_DATASET EXTRACT:_
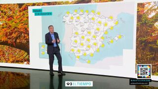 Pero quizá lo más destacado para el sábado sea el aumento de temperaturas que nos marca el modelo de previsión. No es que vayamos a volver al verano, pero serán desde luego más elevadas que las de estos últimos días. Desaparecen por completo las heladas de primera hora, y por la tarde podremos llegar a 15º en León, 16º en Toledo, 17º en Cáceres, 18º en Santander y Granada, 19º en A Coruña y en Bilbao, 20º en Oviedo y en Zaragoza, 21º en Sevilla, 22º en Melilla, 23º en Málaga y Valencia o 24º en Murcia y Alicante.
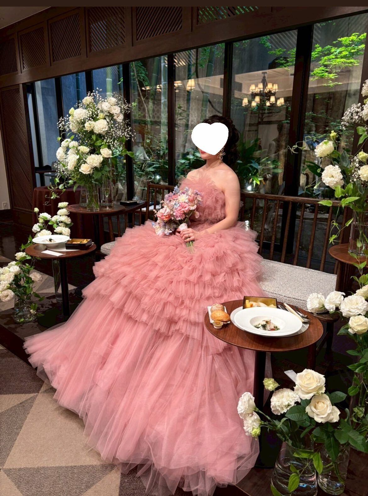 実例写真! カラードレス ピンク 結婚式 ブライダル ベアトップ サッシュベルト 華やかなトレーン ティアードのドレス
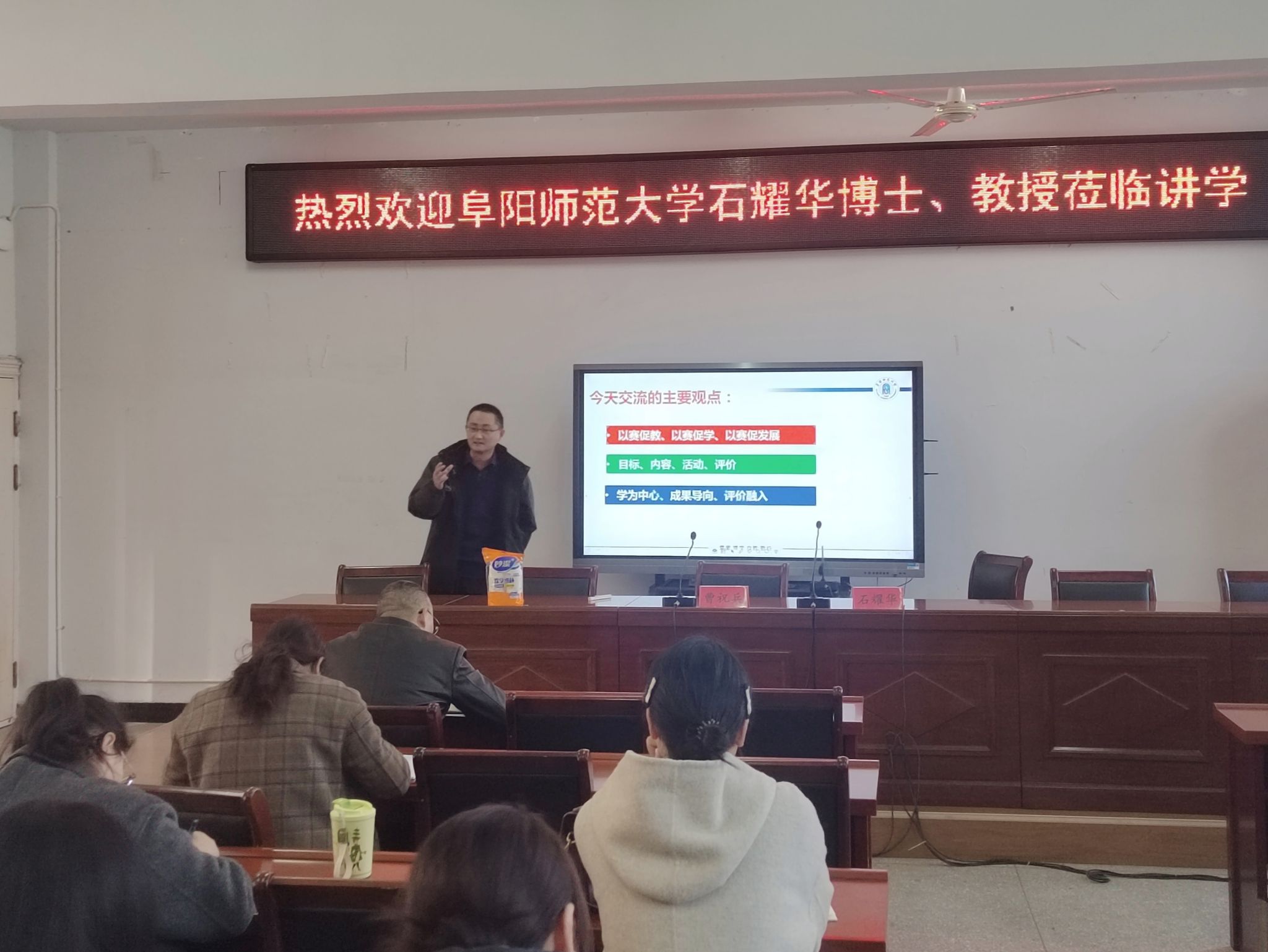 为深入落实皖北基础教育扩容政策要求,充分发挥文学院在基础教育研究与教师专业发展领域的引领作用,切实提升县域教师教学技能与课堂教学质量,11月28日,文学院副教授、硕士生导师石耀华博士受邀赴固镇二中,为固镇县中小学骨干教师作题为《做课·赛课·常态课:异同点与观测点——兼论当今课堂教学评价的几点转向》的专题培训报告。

_DIRECTIONS:_ Reproduce the material above exactly but drop all images.

_OUTPUT FOR THIS EXERCISE:_
 Pero quizá lo más destacado para el sábado sea el aumento de temperaturas que nos marca el modelo de previsión. No es que vayamos a volver al verano, pero serán desde luego más elevadas que las de estos últimos días. Desaparecen por completo las heladas de primera hora, y por la tarde podremos llegar a 15º en León, 16º en Toledo, 17º en Cáceres, 18º en Santander y Granada, 19º en A Coruña y en Bilbao, 20º en Oviedo y en Zaragoza, 21º en Sevilla, 22º en Melilla, 23º en Málaga y Valencia o 24º en Murcia y Alicante.
 実例写真! カラードレス ピンク 結婚式 ブライダル ベアトップ サッシュベルト 華やかなトレーン ティアードのドレス
 为深入落实皖北基础教育扩容政策要求,充分发挥文学院在基础教育研究与教师专业发展领域的引领作用,切实提升县域教师教学技能与课堂教学质量,11月28日,文学院副教授、硕士生导师石耀华博士受邀赴固镇二中,为固镇县中小学骨干教师作题为《做课·赛课·常态课:异同点与观测点——兼论当今课堂教学评价的几点转向》的专题培训报告。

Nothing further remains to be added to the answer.